Parmi ces «élites», M. Harper inclut aussi les médias. Il estime que ce n'est «pas une coïncidence» si le populisme connaît une croissance, alors que les médias traditionnels sont en crise. Il surnomme ce phénomène la «révolte des téléspectateurs».

«On a maintenant des médias sociaux, des médias non traditionnels, et c'est beaucoup plus facile pour la population d'organiser ses idées politiques et d'ignorer les médias traditionnels», estime-t-il.

Ode au nationalisme

Parmi ses plus beaux souvenirs comme premier ministre, M. Harper note les Jeux olympiques d'hiver de Vancouver en 2010. Avec la récolte de 15 médailles d'or – un record –, il se souvient d'un beau moment de «nationalisme canadien».

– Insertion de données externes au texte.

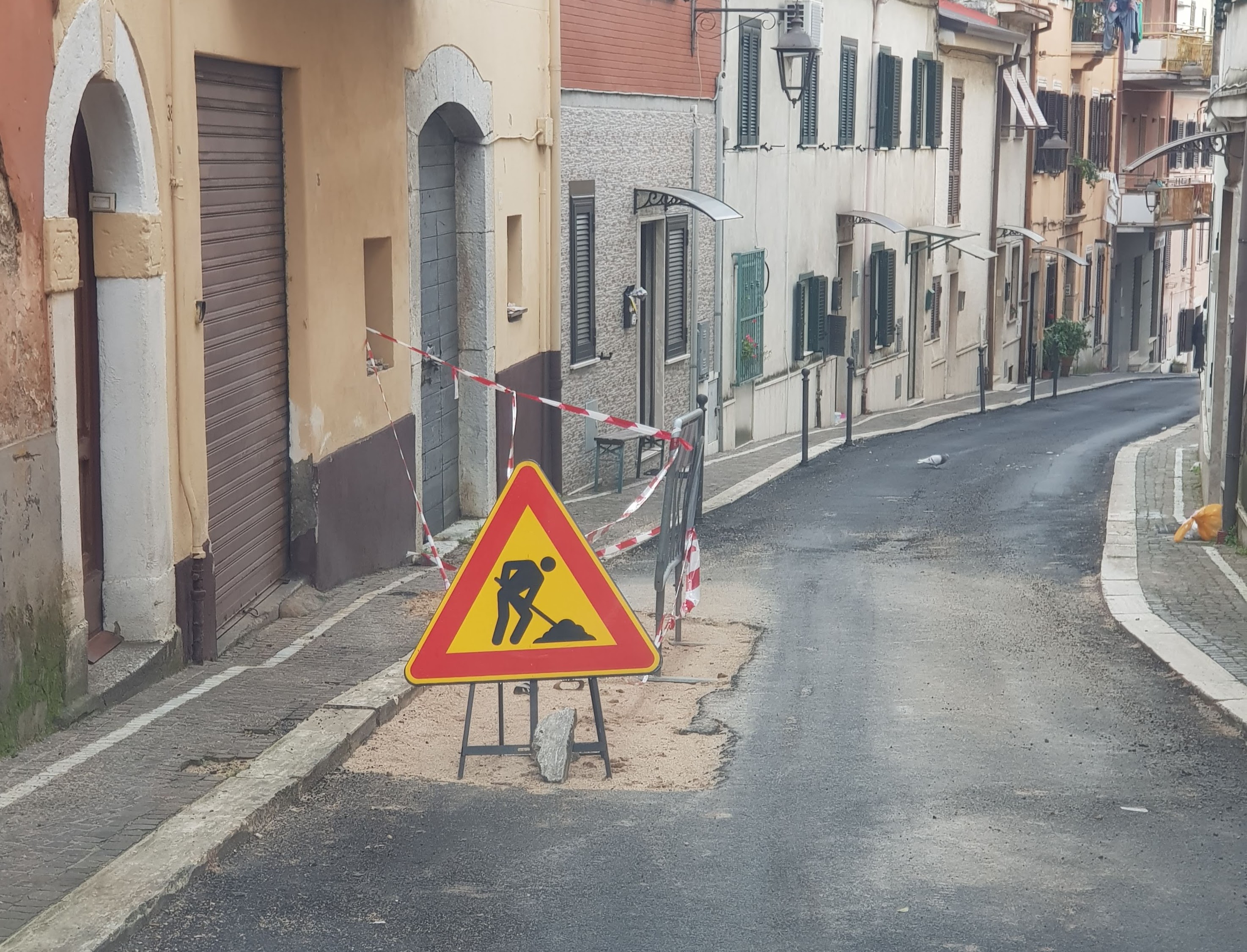 Appariva così, stamane, dopo che qualche giorno fa era stato steso il nuovo asfalto: via Solferino è una strada che ne ha viste di tutte in questi anni. Fu ripavimentata completamente nel 2009, con i cosiddetti marciapiedi a scomparsa, nel senso che i marciapiedi furono realizzati ma sono a filo con la sede stradale, così che non se ne comprende la ragione. Dovettero mettere dei dissuasori per proteggere i pedoni che insistevano a camminare sui marciapiedi a scomparsa… Nel 2011 un ulteriore rifacimento, con la proposta di cambiare il nome ad una strada in cui i lavori avevano fatto sì che l’acqua entrasse tranquillamente nelle abitazioni. Veniva proposto via Maria Cazzetta. Poi nel 2013, l’Acea prova a rifare le tubature e s’accorge che quelle del gas sono ad una profondità inferiore al dovuto e perciò si rialza ancora la sede stradale. Insomma davvero una strada senza pace. Ora nuovo asfalto e, qualche giorno dopo, chiusura della strada, senza che nessuno lo sapesse, neppure i vigili, e nuova buca… Nella foto potete ammirare anche i marciapiedi a scomparsa. I blocchi in travertino per il rialzo della sede pedonale sono sotto la superficie, forse per consevarli meglio.

Il se désole de voir que «l'élite moderne» est frileux face au nationalisme.

«Je pense qu'un bon nationalisme fait partie d'une société normale, dit-il. C'est normal pour des Canadiens d'être des nationalistes canadiens. C'est normal pour des Québécois d'être des nationalistes québécois.

«Évidemment, le nationalisme extrême est dangereux, mais n'importe quelle philosophie extrême est dangereuse. On veut éviter l'extrême, mais c'est normal pour des gens d'être fiers de leur société.»

Malgré ces «turbulences politiques», M. Harper se dit «fondamentalement optimiste» face à l'avenir.

«Nous sommes une société capitaliste et démocratique, et de telles sociétés démontrent depuis longtemps la capacité de gérer le changement et de s'adapter. Malgré les défis qui sont très sérieux, je sais que nos sociétés ont les meilleures possibilités de gérer ces difficultés à l'avenir», avance-t-il.

«C'est la nature de nos sociétés d'accepter les défis, de faire les débats, d'avoir de temps en temps des débats presque violents, mais époque après époque, la démocratie fonctionne mieux que d'autres systèmes.»